-------- RECORDED DATA --------

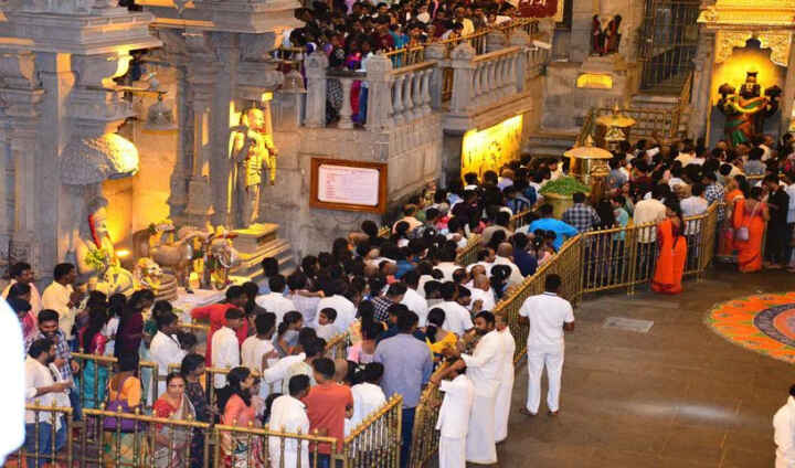 యాదగిరిగుట్టకు భక్తులు పోటెత్తారు. ఆదివారం సెలవు కావడంతో పెద్ద సంఖ్యలో తరలివచ్చి లక్ష్మీనరసింహ స్వామిని దర్శించుకున్నారు. భక్తజనంతో ఆలయ మాఢవీధులు, క్యూలైన్లు, ప్రసాద విక్రయశాలలు కిక్కిరిసిపోయాయి. లక్ష్మీనరసింహస్వామి సన్నిధిలో భక్తుల కొలాహలం(Crowd) నెలకొన్నది. ఆదివారం సెలవు కావడంతో ఆలయ మాఢవీధులు, క్యూలైన్లు, ప్రసాద విక్రయశాల భక్తులతో నిండిపోయాయి. తెల్లవారుజామునే ఆలయాన్ని తెరిచిన అర్చకులు సుప్రభాతంతో స్వామివారిని మేల్కొలిపారు.
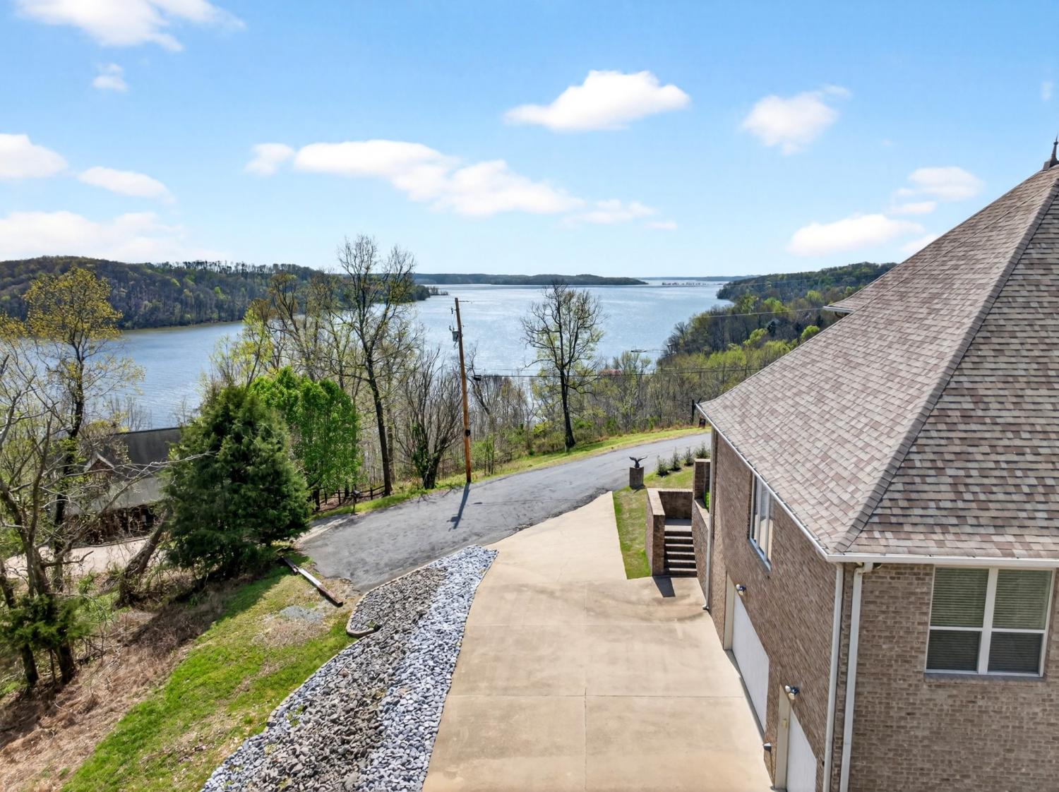 Experience luxury in this all-brick 4-bed, 3-bath home featuring a million-dollar view of the TN River. Though not waterfront, the panoramic vista creates a perfect riverside feel. The interior features etched Italian porcelain floors, Turkish marble countertops, and remote-controlled blinds for the expansive viewing windows. Recent upgrades include a one-year-old roof (135mph wind warranty), ultra-plush carpets, redone stair treads, and a built-in water filtration system that conveys. For peace of mind, the home includes a secure safe room with 2ft-thick concrete walls. Located just across the bay from Fat Daddy’s restaurant and marina, perfect for easy summer fun and breathtaking sunsets.
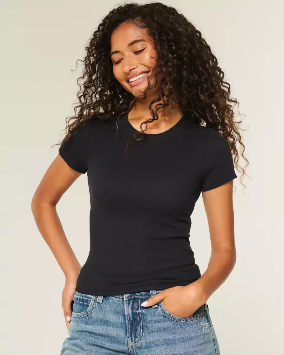 Denna söta, supermjuka baby-t-shirt är designad med en något krympt siluett. Rund halsringning, korta ärmar. Importerad.
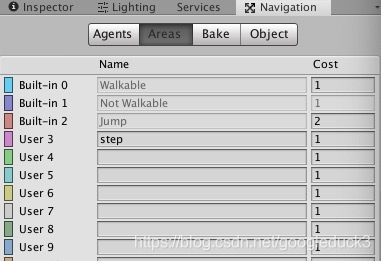 - 在烘焙时,选择物体,设置Navigation Area成需要的遮罩层
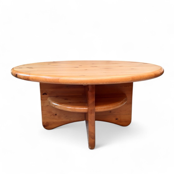 Mid Century Modern Scandinavisch design salontafel massief grenen. Met opbergruimte. In de stijl van Rainer Daumiller. D105cm H 51cm Goede originele vintage staat. Lichte vlekken, deukjes, krassen, in verhouding met leeftijd en gebruik (zie foto's).
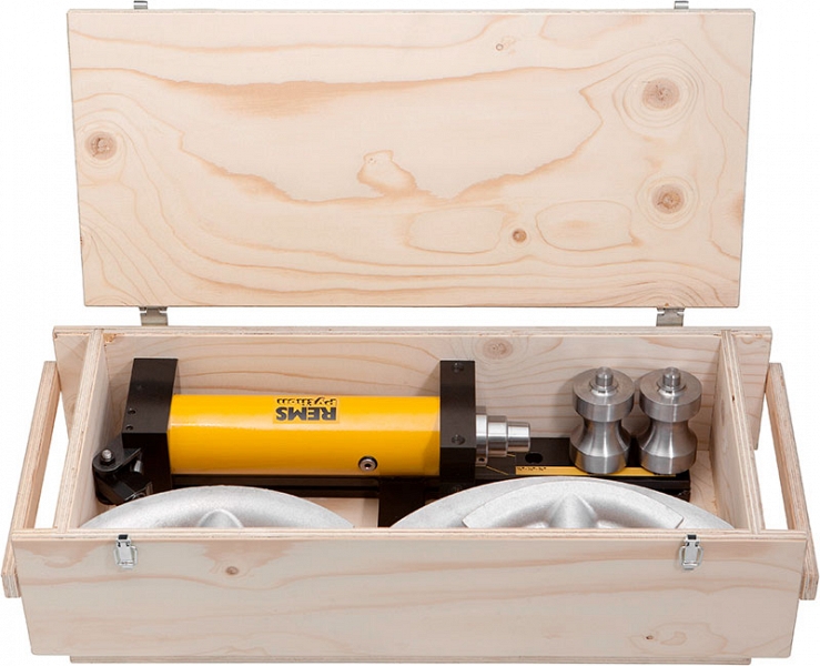 - REMS Питон Сет. Масляногидравлический трубогиб для точной гибки труб до 90°. Стальные трубы EN 10255 Ø 3/8" – 2", металлопластиковые трубы Ø 32 – 75 мм. Привод с опорами скользящих роликов, верхняя опора скользящих роликов со смещаемой в сторону опорной плитой скользящего ролика, 2 скользящих ролика, гибочные сегменты St и V. В прочном ящике для транспортировки.
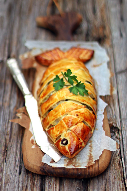 Смажьте взбитым яйцом и запекайте при 180° минут 30 или пока рыбка не подрумянится.
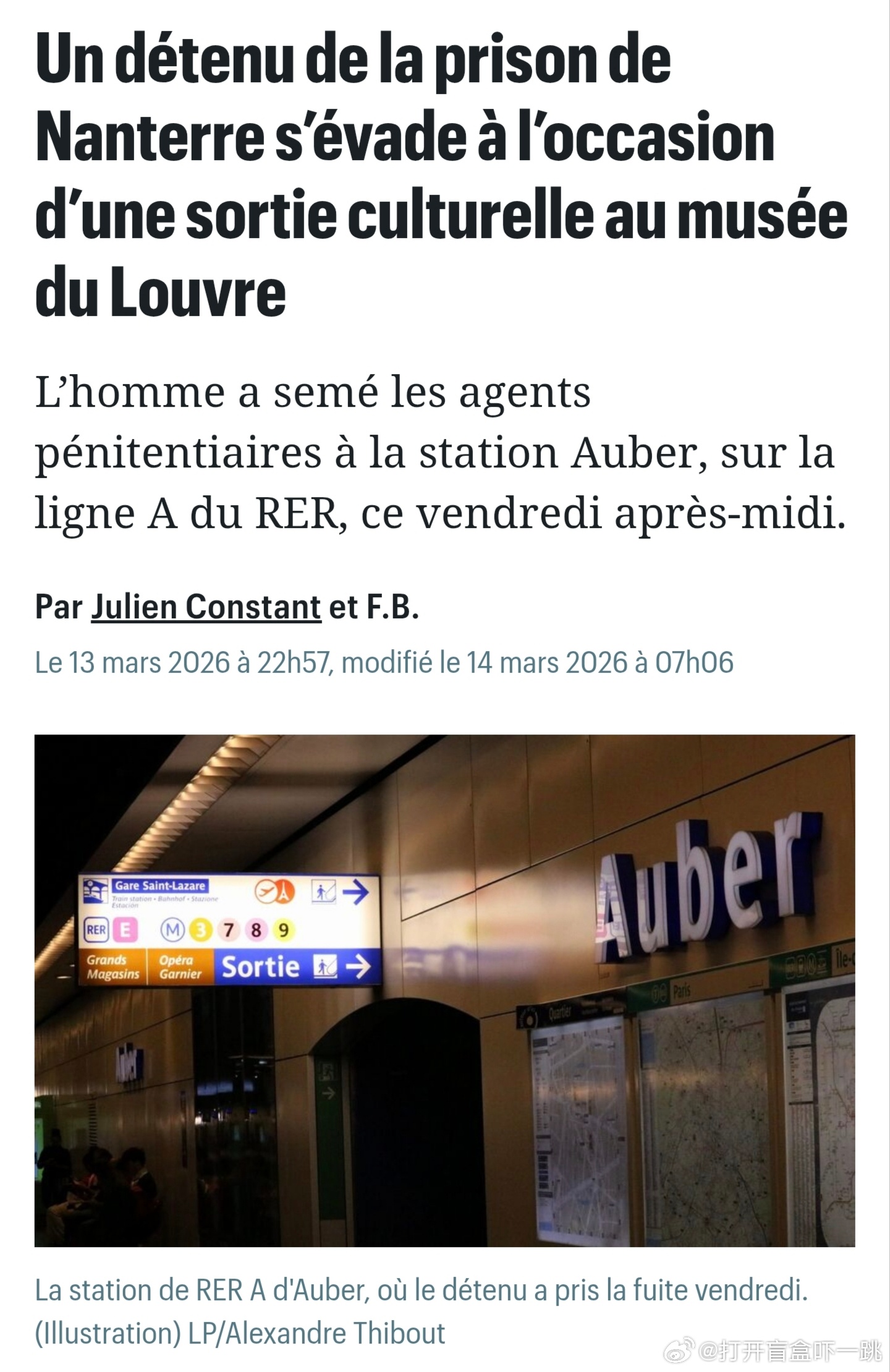 法国警察这办案能力真是不服不行!今年三月份,巴黎西郊南泰尔监狱要搞文化活动提高犯人素质,决定选几个改造典型外出去卢浮宫参观展览,本来出发点是好的,但中途却出了岔子。监狱领导一方面为了避免外逃事件发生,特意派出六名狱警外加多名工作人员全程贴身看管犯人;另一方面又脑洞大开让犯人与狱警乘坐地铁赶赴卢浮宫。不出意外的话就要出意外了,一名犯人在站点换乘地铁时趁狱警不注意突然开启暴走模式一路狂奔,很快就消失在了人海之中。随行狱警当场懵圈,当时这情况上去追吧,害怕留下的其他犯人也暴走外逃;不去追吧,又怕回去要担责任。最后一合计还是先别参观卢浮宫了,几个狱警放弃追捕带着剩下的犯人又坐地铁回监狱去了……前两天外逃犯人终于落网了,不过不是法国警方抓到的,而是塞内加尔警方抓到的,这货竟然在众目睽睽之下从法国成功跑回了非洲老家你敢信?这也就意味着犯人不光要在地铁站摆脱追捕,而且还要换乘地铁到达机场,再以服刑身份购买机票完成安检顺利登机……法国网友齐齐发问:犯人到底是怎么做到的?这还是正规监狱吗?魔金石科技
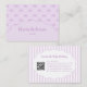 Trendy vintage-inspired purple and white bow stripes pattern business card designed for pretty, girly, feminine brands. Perfect for handmade baby clothing shops, makeup artists, and small business owners. Features stylish layout with QR code integration for modern, professional branding.
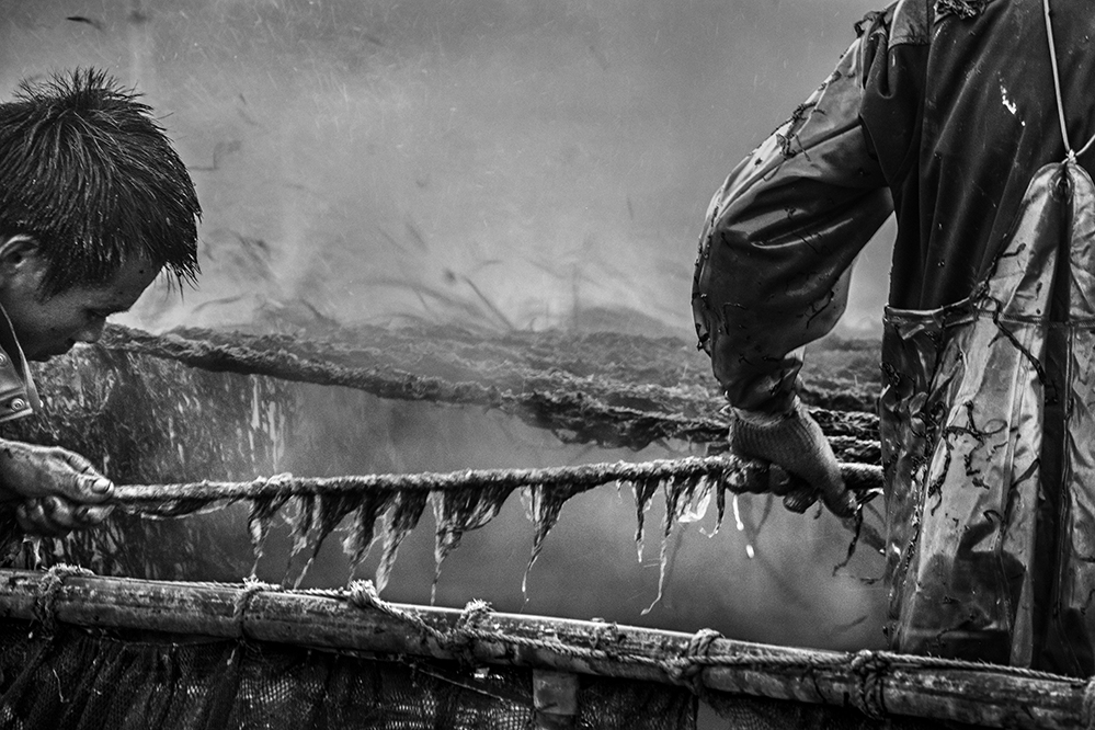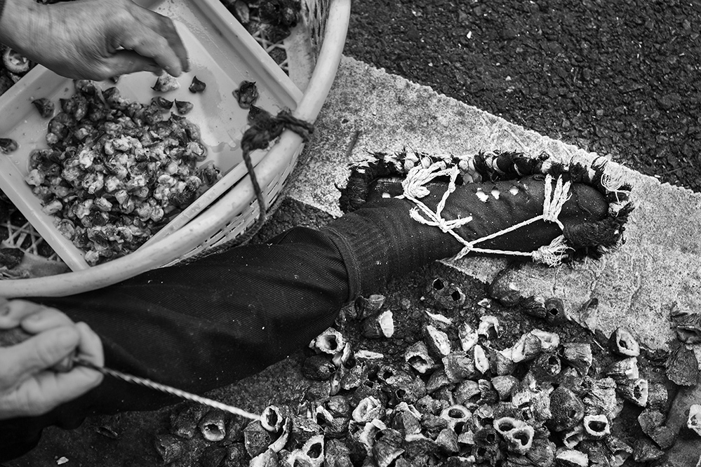 浙江蒼南有著168公里的海岸線,沿線生活著一群靠海吃海的“討海人”。討海,也就是從海中覓食,向大海討生計。討海的人特別辛苦,父輩們再苦再累都要把自己的孩子培養(yǎng)成才,期盼下一代可以逃脫大海的禁錮。 長期出海趕海是為了維持生計,漁民在大海中想找一處遮陽的地方都沒有,頂著酷日辛勤勞作;最可怕的還是陰晴不定的風暴的沖擊,排山倒海的海浪拍打著船身,生命隨著洶涌的波濤搖擺不定。可不管大風大浪、日曬雨淋,他們都要出海,不然就沒有收入。他們攀爬到巨大的礁石上,滑且危險,稍有不慎便會跌落下去。面對時時刻刻潛伏在周遭的危險,他們只能寄托于祈求上天保佑家人平安。
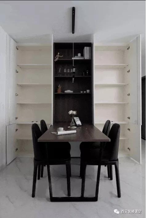 ▲嵌入式定制柜可以弱化柜体的存在感,让视觉更简洁,无把手极简收纳,可以满足公共区的杂物收纳
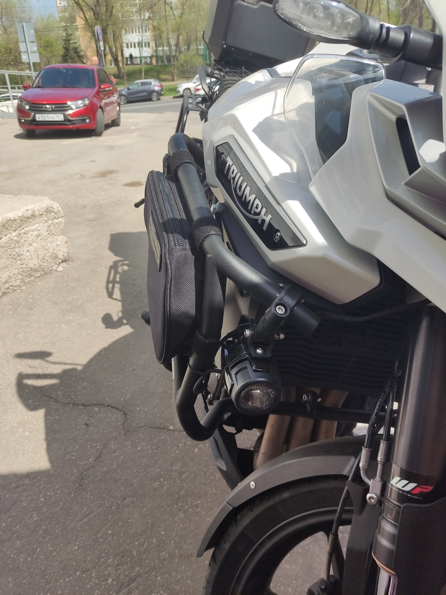 Комплект туристических сумок в дуги для мотоцикла Triumph Tiger 1200, для перевозки малогабаритного багажа, инструментов, смазочных материалов. Молния с водооталкивающим покрытием, позволяет продолжительное время удерживать воздействие окружающей среды и не даст промокнуть вещам размещенным в сумке. Монтаж производится на внутреннюю область дуги с помощью пластиковых хомутов(стяжек). Вы можете ознакомиться с видео монтажа в нашей группе или на сайте.

--------

HOW TO COMPLETE THIS TASK: Return exactly the stretch above whose first line contains "Experience luxury in" and whose last line contains "Mid Century Modern", and nothing outside it. The pictures should not appear.

EXERCISE SOLUTION:
 Experience luxury in this all-brick 4-bed, 3-bath home featuring a million-dollar view of the TN River. Though not waterfront, the panoramic vista creates a perfect riverside feel. The interior features etched Italian porcelain floors, Turkish marble countertops, and remote-controlled blinds for the expansive viewing windows. Recent upgrades include a one-year-old roof (135mph wind warranty), ultra-plush carpets, redone stair treads, and a built-in water filtration system that conveys. For peace of mind, the home includes a secure safe room with 2ft-thick concrete walls. Located just across the bay from Fat Daddy’s restaurant and marina, perfect for easy summer fun and breathtaking sunsets.
 Denna söta, supermjuka baby-t-shirt är designad med en något krympt siluett. Rund halsringning, korta ärmar. Importerad.
 - 在烘焙时,选择物体,设置Navigation Area成需要的遮罩层
 Mid Century Modern Scandinavisch design salontafel massief grenen. Met opbergruimte. In de stijl van Rainer Daumiller. D105cm H 51cm Goede originele vintage staat. Lichte vlekken, deukjes, krassen, in verhouding met leeftijd en gebruik (zie foto's).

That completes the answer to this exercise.